Based on 250.66 the size of the *grounding electrode conductor* would be permitted to be no smaller than 8awg cu as long as the feeder ungrounded conductors were 2 cu or smaller.

Pete


----------



## manchestersparky (Mar 25, 2007)

Pete m. said:


> I could be missing something but if you install 20 feet of 4 cu as the *grounding electrode* the *grounding electrode conductor* would still be able to comply with:
> 
> 250.66(B)Connections to Concrete-Encased Electrodes.
> Where the grounding electrode conductor is connected to a
> ...


Well , after reading the sections slowly, carefully one word at a time I can see your point. I am just accustomed to seeing the # 4 bare ran long enough to get to the service ( feeder) disconnecting means. That or a piece of rebar stubbed out to attach the GEC to.


----------



## BuzzKill (Oct 27, 2008)

jbfan said:


> I am getting ready to run a 60 amp circuit to a detached garage.
> The garage contains a ufer ground.
> 
> Do I need to install a rod as well?
> ...


are you an electrician?


----------



## wendon (Sep 27, 2010)

manchestersparky said:


> Well , after reading the sections slowly, carefully one word at a time I can see your point. I am just accustomed to seeing the # 4 bare ran long enough to get to the service ( feeder) disconnecting means. That or a piece of rebar stubbed out to attach the GEC to.
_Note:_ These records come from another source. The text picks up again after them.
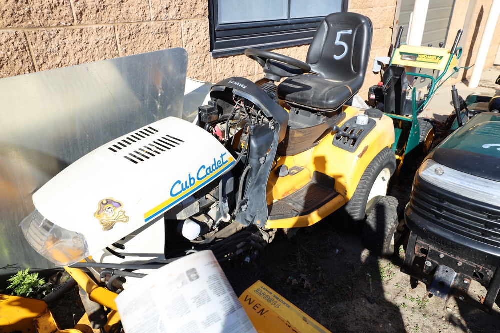 Items include 2007 Blue Bird Vision school bus; Troy-Bilt snow blower; 2011 Chevrolet Express 4500 school bus; Craftsman, Cub Cadet & Toro riding mowers; Traulsen two-door freezer & Motion Fitness/Positive Gaming student dance system dance game boards. Items are located in Ronkonkoma, NY.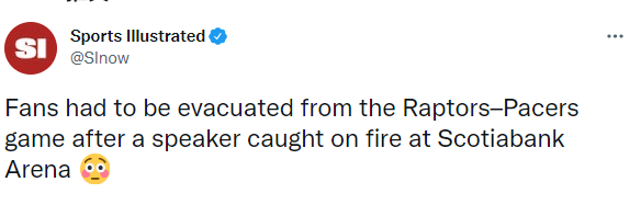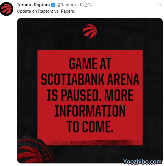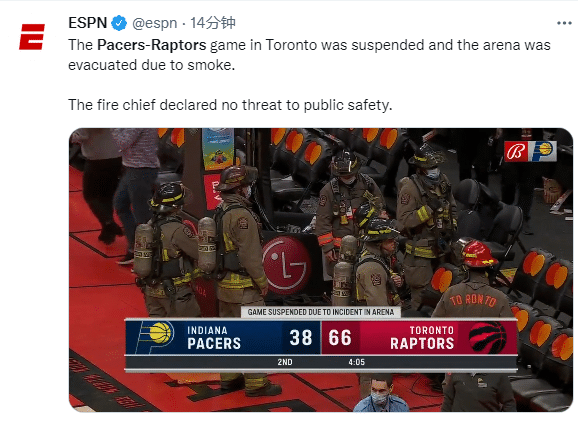 猛龙和步行者比赛打到第二节4分05秒时,猛龙主场球馆出现意外火灾,比赛就此暂停,比赛暂停前猛龙66-38领先步行者28分;两队球员纷纷离场返回更衣室,消防员来到现场,疏散球迷离场,据报道,猛龙主场的一个音箱着火了。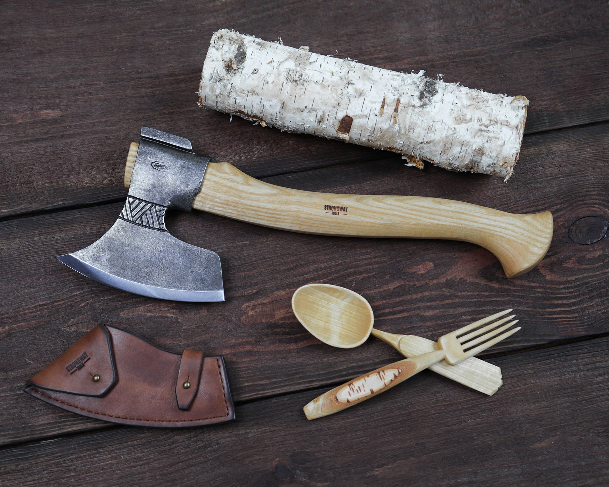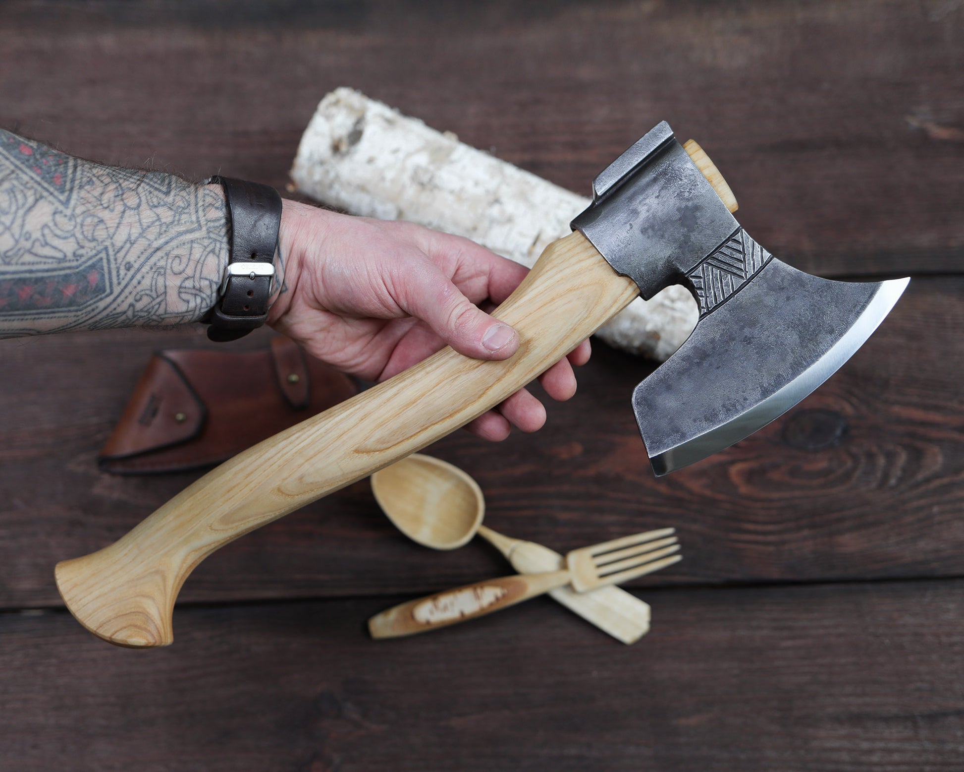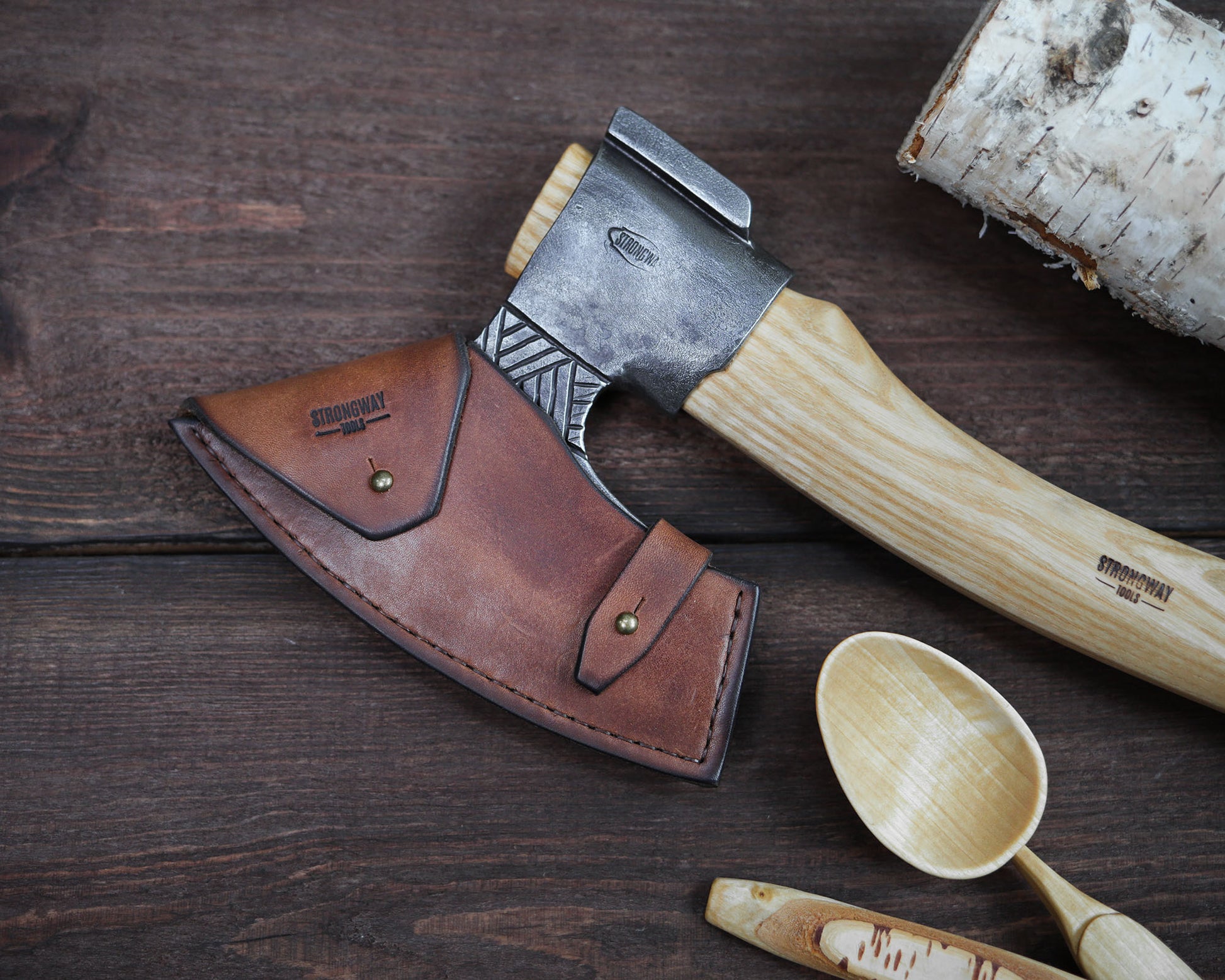 Handgeschmiedetes Bildhauerbeil, Finnische Form, mit Oktagonalgriff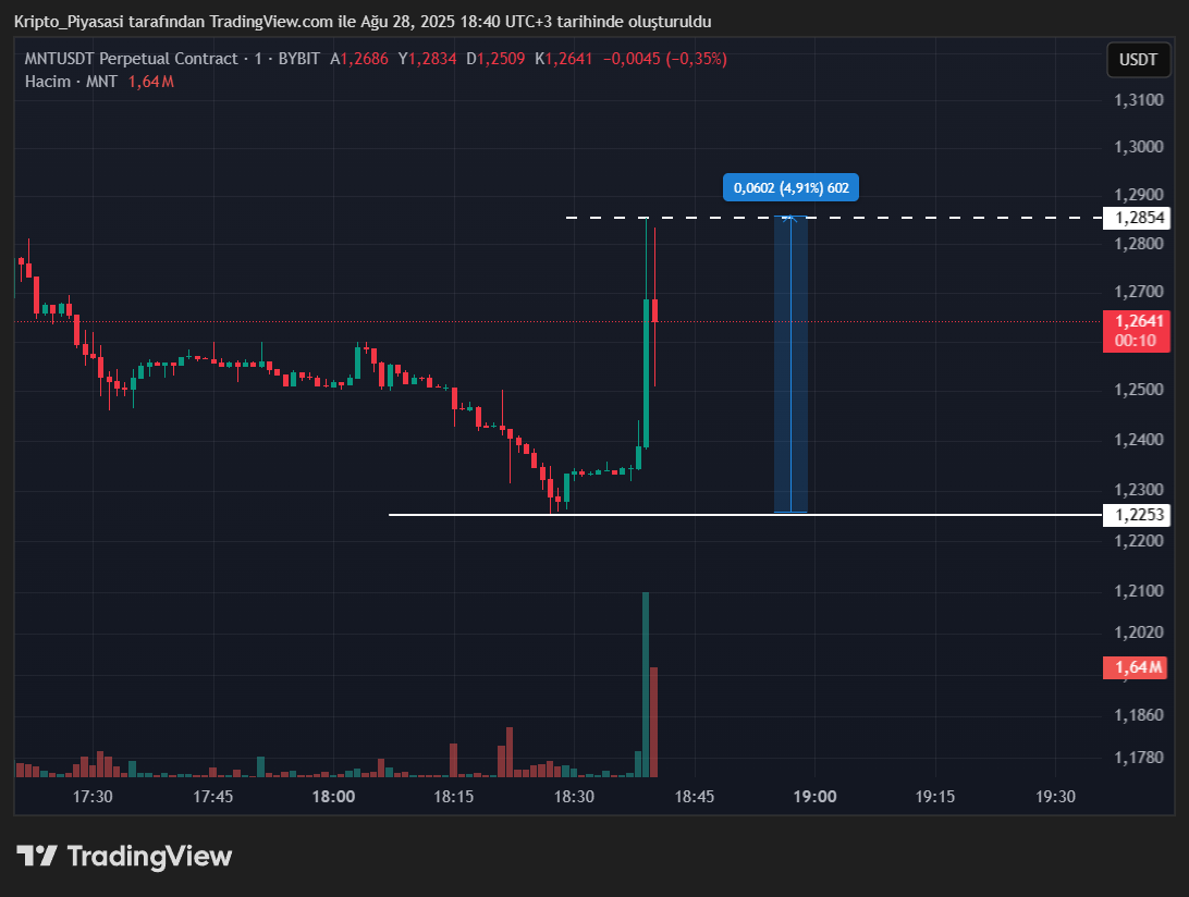 Bu son gelişme neticesinde Mantle (MNT) fiyatında ani bir yükseliş yaşandı. Ortalama %5’lik bir sırama yapan MNT, dikkatleri üzerine çekti.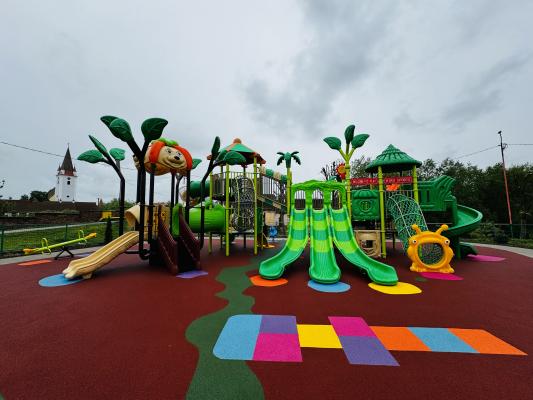 Noul loc de joacă din comuna Cristian, județul Sibiu. După temeinice lucrări de amenajare (incluzând decopertarea și săpături la cote stabilite, turnarea de beton armat, realizarea straturilor de fundație din balast și piatră spartă, montarea bordurilor, turnarea tartanului și realizarea aleilor pietonale și a platformelor din pavaj prefabricat din beton) s-a reușit montarea echipamentelor, a băncilor stradale și realizarea gropii cu nisip. Astfel, în spațiul vechiului parc s-a montat un complex de joacă (de mari dimensiuni), leagăne, balansoare și figurine pentru copii (mici și mari), toate echipamentele noi fiind certificate pentru conformitate, cu normativele în vigoare.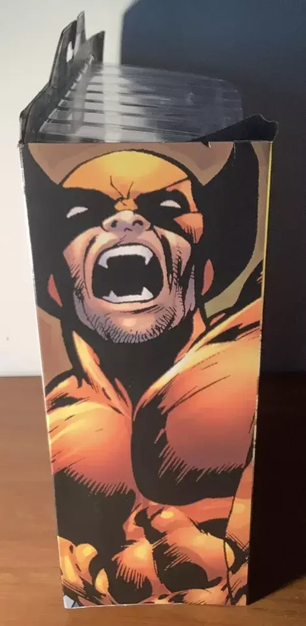 Articulated action figure of Wolverine in his brown X-Men costume.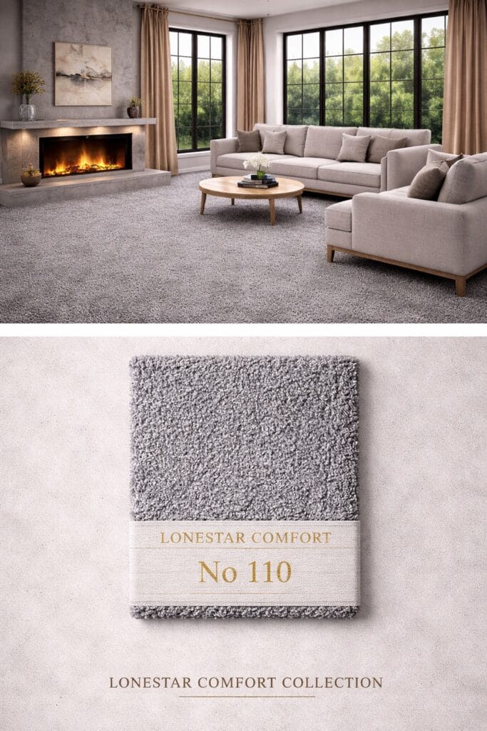Lonestar Comfort No. 110 offers a balanced gray carpet tone with soft visual depth and a plush finish that feels both current and comfortable. Its slightly deeper character gives the room a grounded, polished look while still maintaining the softness and warmth expected from a high-comfort carpet.

There's a lot of disagreement on the connection issue. We always just stub out the rebar and connect the #4 to that. The 2014 code clears that one up and makes it clear that it's okay to stub out the rebar.


----------



## Pete m. (Nov 19, 2011)

wendon said:


> There's a lot of disagreement on the connection issue. We always just stub out the rebar and connect the #4 to that. The 2014 code clears that one up and makes it clear that it's okay to stub out the rebar.


The #4 is most commonly used but it isn't required in all situations if it is actually the *grounding electrode conductor*.

Based upon the size of your service entrance and/or feeder conductors the GEC could be smaller.

Pete


----------



## RIVETER (Sep 26, 2009)

jbfan said:


> I am getting ready to run a 60 amp circuit to a detached garage.
> The garage contains a ufer ground.
> 
> Do I need to install a rod as well?
> ...


# 6. I like the ufer but others have said that a strike can pop the crete. I don't believe that. In those cases most probably it was weakly mixed crete.


----------



## wendon (Sep 27, 2010)

RIVETER said:


> # 6. I like the ufer but others have said that a strike can pop the crete. I don't believe that. In those cases most probably it was weakly mixed crete.


I've never seen it but maybe on a tower or something of the like it could be possible.


----------



## jbfan (Jan 22, 2007)

BuzzKill said:


> are you an electrician?


No, why do you ask?:whistling2:

Maybe I should have just called you!

Heading back to the wood shop to install the buck boost transformers this weekend.


----------